Spending Cap: ‘State Needs to Send a Message’
As president of a manufacturing company that employs more than 200 people at two Connecticut locations, Okay Industries’ Jason Howey understands that confidence in his business is based on consistency.
New Britain-based Okay delivers specialized products to the medical, automotive, and defense industries. The company’s survival and growth depend on the confidence of its customers.
Howey was among several speakers, including CBIA’s Pete Gioia and Brian Flaherty, who testified in favor of HB 6511, which seeks to put teeth into a constitutional spending cap voters approved 25 years ago.
When 81% of voters approved the cap, the idea was to mitigate the 1991 introduction of a state income tax by forcing lawmakers to keep increases in state spending in line with inflation and actual increases in personal income.
But lawmakers have consistently found ways to raise spending outside the cap’s restrictions.

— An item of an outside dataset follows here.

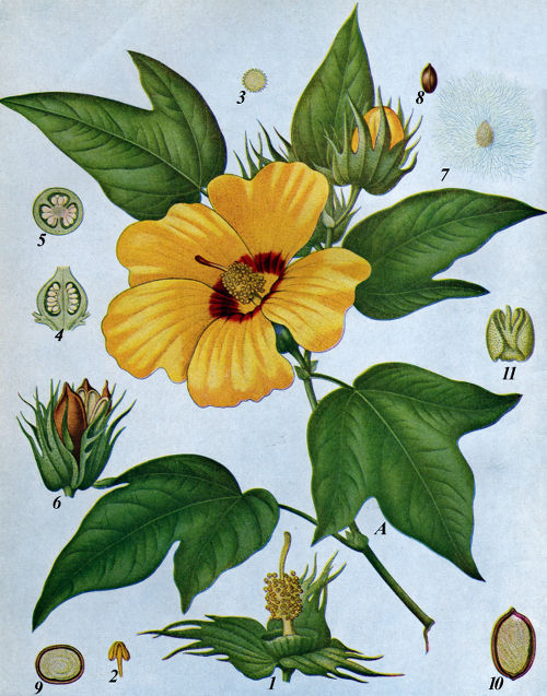 There are a number of cotton yielding plants which belong to the genus Gossypium of the Mallow family (Malvaceæ), the same family to which the Hibiscus and garden mallows belong. The most important species are G. barbadense, which yields the noted Sea Island cotton, and G. herbaceum. Both are extensively cultivated in the United States, the latter species more than the former. Other more or less cultivated species are G. arboreum, G. religiosum and G. punctatum. The cottons are handsome plants with large, showy yellow or purple flowers. They vary from comparatively small and herbaceous to shrubby or even approaching the dimensions of trees. The seeds are borne in a three to five lobed capsule, which ruptures at maturity, thus allowing the snow-white cotton head to appear. The outer surface of the seeds is covered with slender fibers, each fiber being simply a single, greatly elongated epidermal cell. The individual fiber is flattened, twisted upon its axis, flexuous, from one to two or three inches in length. These fibers constitute the cotton of the market, which finds so many important uses in human economy. Of course primarily nature intended these fibers for the special use of the plant itself; being a means of aiding in the distribution of the seeds, and no doubt also serving as a protection against being eaten by animals, as the dense, more or less intertwined growth of insipid, tenacious fibers constitute anything but a tempting morsel. Man, by his ingenuity and skill, has been enabled to utilize this product of nature in his own behalf.

So while Connecticut’s population has grown just 9% since 1992, and inflation has risen 67%, state spending has skyrocketed by 201%.
And that leaves us where we are today—facing a projected $3.6 billion deficit over the next two fiscal years despite the adoption of two of the largest tax hikes in state history in 2011 and 2015.
“I have great respect for the members of this committee who are grappling with a budget deficit of $3.6 billion over the next two years,” Howey said.
“A spending cap that mirrors what more than 80% of the voters intended back in 1992 could be useful in our current situation.
“That means keeping all expenditures under the cap so that its true objective is met.”
Connecticut needs to send a message that we are getting our act together to compete.
But a working cap will create a state budget that’s consistent and predictable, Howey said, and that will breed confidence.
“Confidence from the business community to create more jobs and invest in our state,” he said. “Confidence from prospective companies looking to relocate in Connecticut.”
A consistent state budget also “sends the message to Connecticut residents that there is a plan in place for the future to stabilize the budget” and minimize tax increases to ensure businesses and residents stay here, Howey said.
“Connecticut needs to send a message, not only to the residents of Connecticut but to the world, that we are getting our act together to compete.”